---- RECORDS
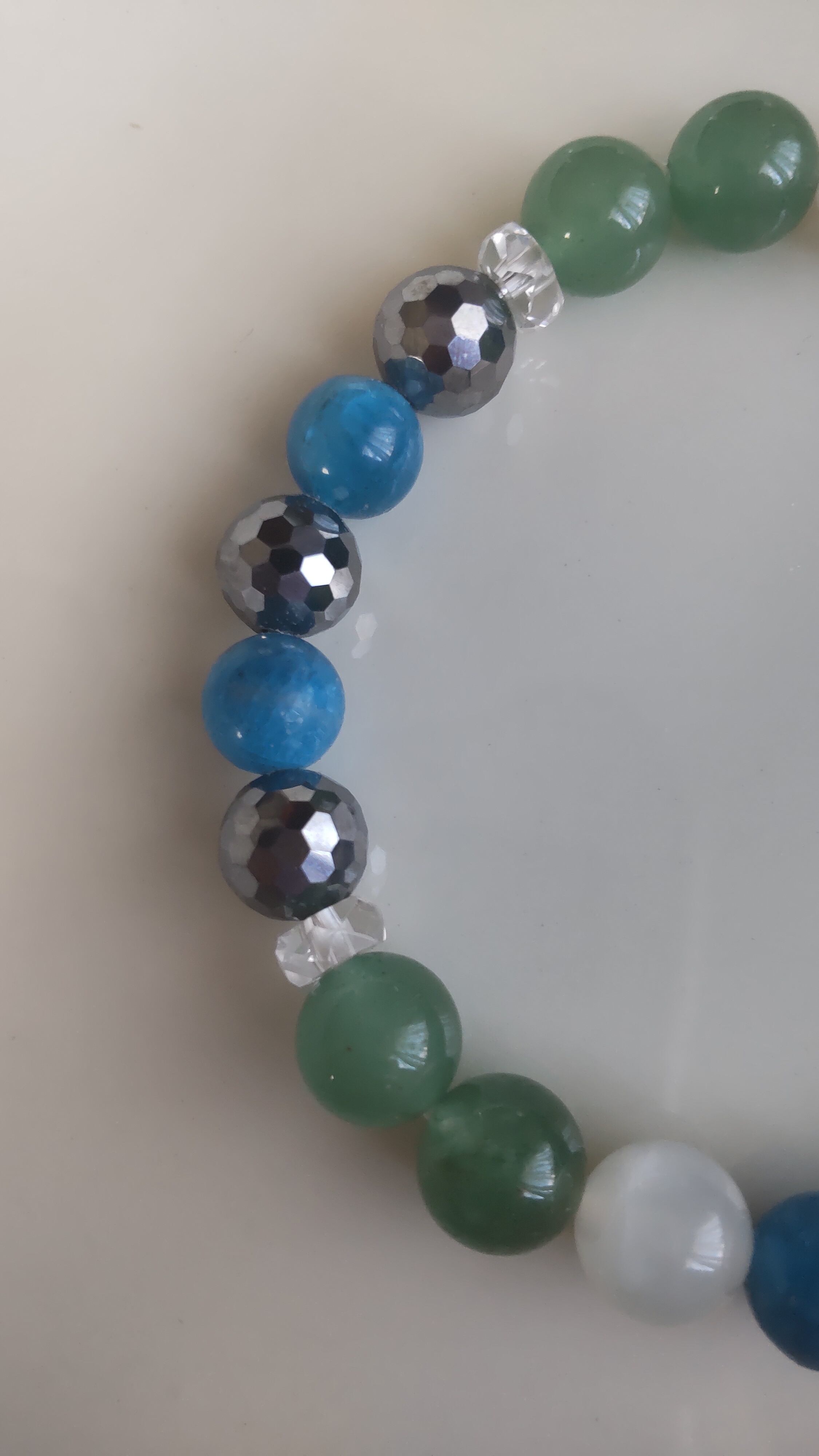 愛情で満たし優しい波動で包み込む心身のバランスを保つブレス。(ブルーアパタイト、ムーンストーン、グリーンアベンチュリン、高純度テラヘルツ、クリスタル)
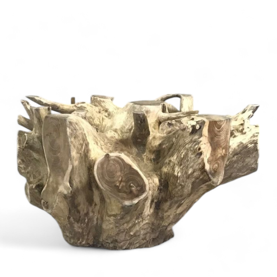 โต๊ะกาแฟไม้สักแท้สไตล์โบราณลายเขตร้อนจากอินโดนีเซีย งานไม้รากไม้ รักษ์โลก สำหรับห้องนั่งเล่น บ้านพักตากอากาศ
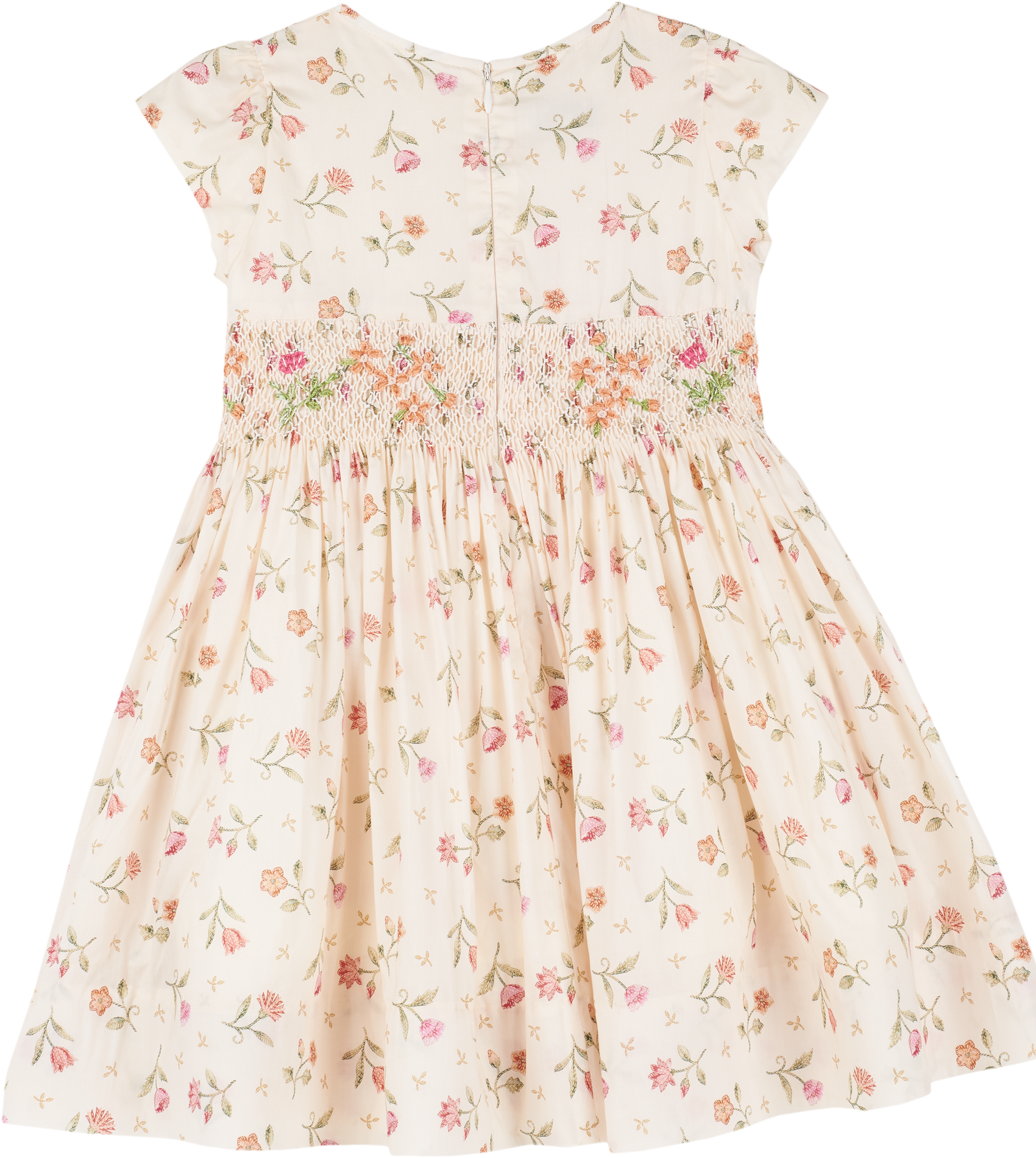 One of its standout features is the intricate smocked and embroidered waist panel, which beautifully adorns both the front and back, highlighting your waist and creating a lovely, flattering shape. Petal-embroidered cap sleeves add a touch of femininity, while the thoughtfully placed back zipper ensures easy wear without compromising style.
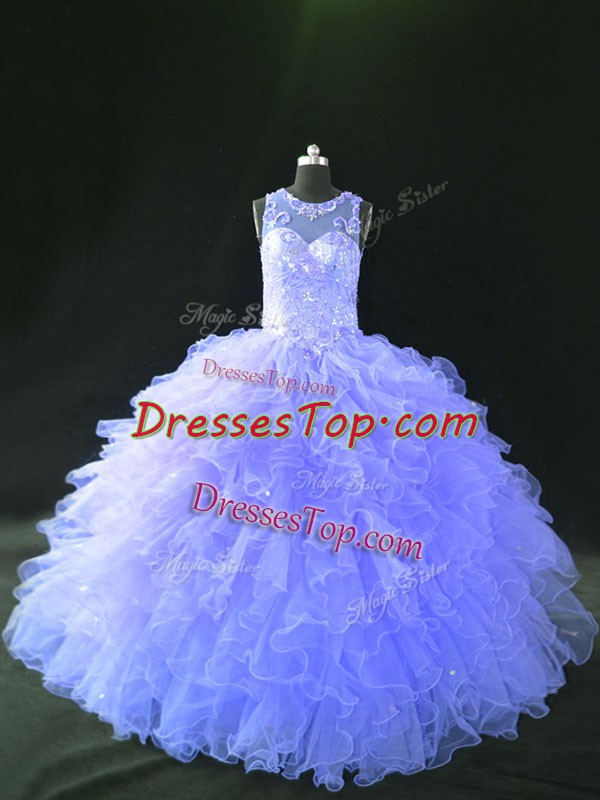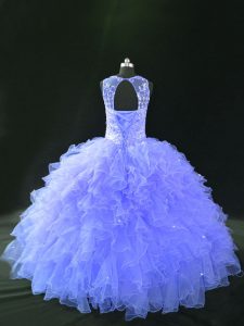 Admirable Sleeveless Floor Length Beading and Ruffles Lace Up 15 Quinceanera Dress with Lavender
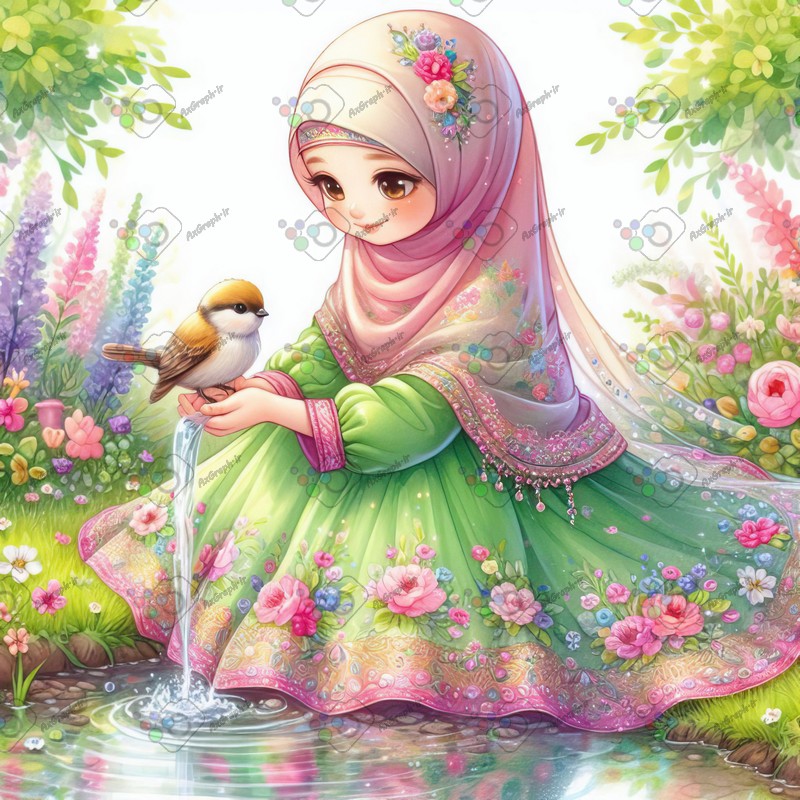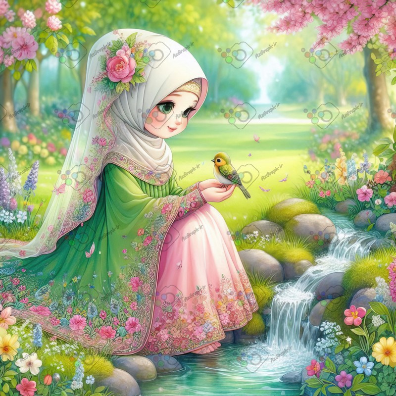 بک گراند کودکانه دختربچه ناز با حجاب و گنجشک تپلو کنار چشمه در باغ گل-کد 44828(ویژه عکس گراف)
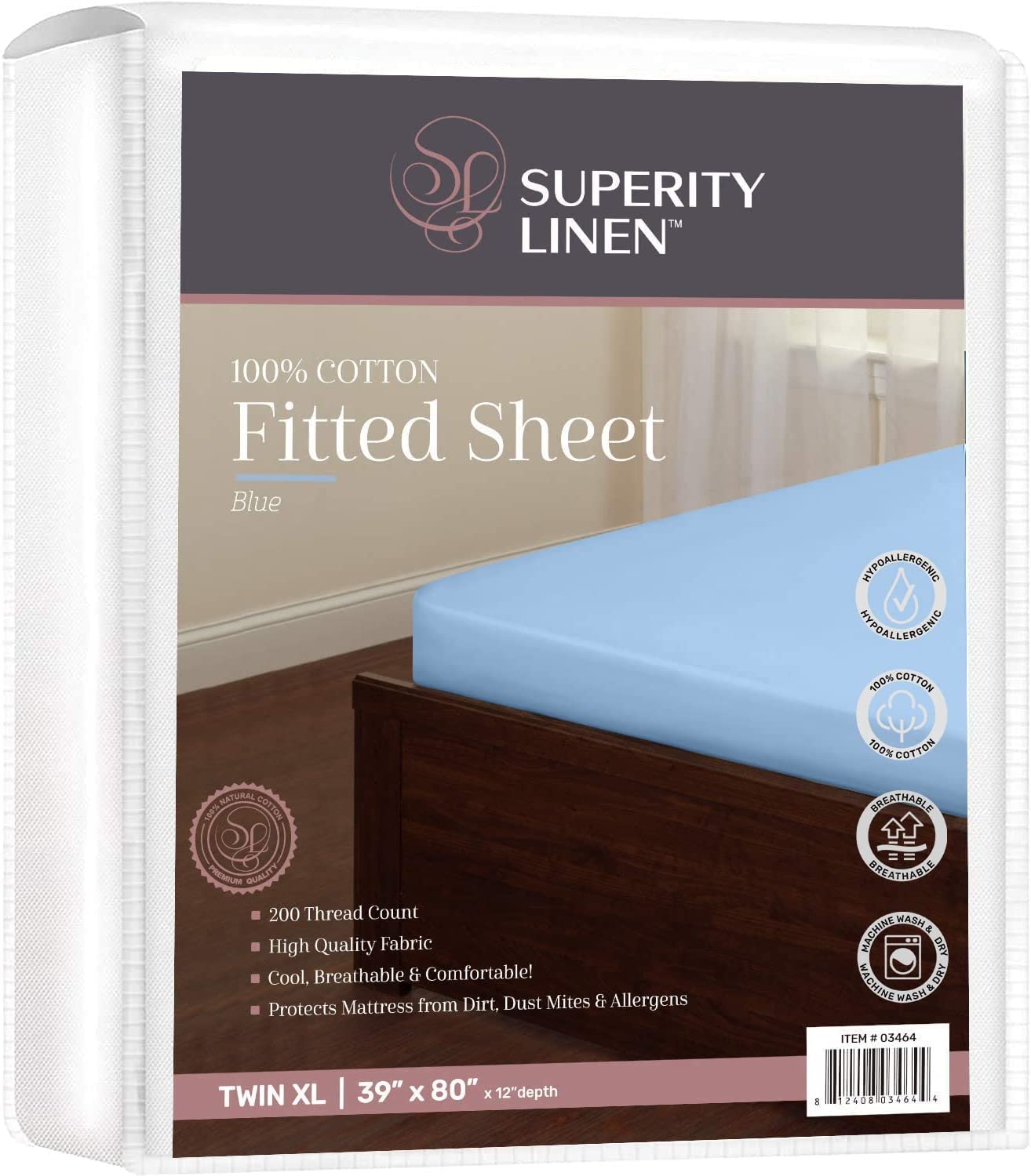 Superity Linen 100% Cotton 200TC Fitted Sheets - Blue
--------
- [WHAT YOU ARE ASKED TO DO]: Should any entry above carry a picture, omit it and repeat everything else word for word.

- [FINISHED EXERCISE]:
 愛情で満たし優しい波動で包み込む心身のバランスを保つブレス。(ブルーアパタイト、ムーンストーン、グリーンアベンチュリン、高純度テラヘルツ、クリスタル)
 โต๊ะกาแฟไม้สักแท้สไตล์โบราณลายเขตร้อนจากอินโดนีเซีย งานไม้รากไม้ รักษ์โลก สำหรับห้องนั่งเล่น บ้านพักตากอากาศ
 One of its standout features is the intricate smocked and embroidered waist panel, which beautifully adorns both the front and back, highlighting your waist and creating a lovely, flattering shape. Petal-embroidered cap sleeves add a touch of femininity, while the thoughtfully placed back zipper ensures easy wear without compromising style.
 Admirable Sleeveless Floor Length Beading and Ruffles Lace Up 15 Quinceanera Dress with Lavender
 بک گراند کودکانه دختربچه ناز با حجاب و گنجشک تپلو کنار چشمه در باغ گل-کد 44828(ویژه عکس گراف)
 Superity Linen 100% Cotton 200TC Fitted Sheets - Blue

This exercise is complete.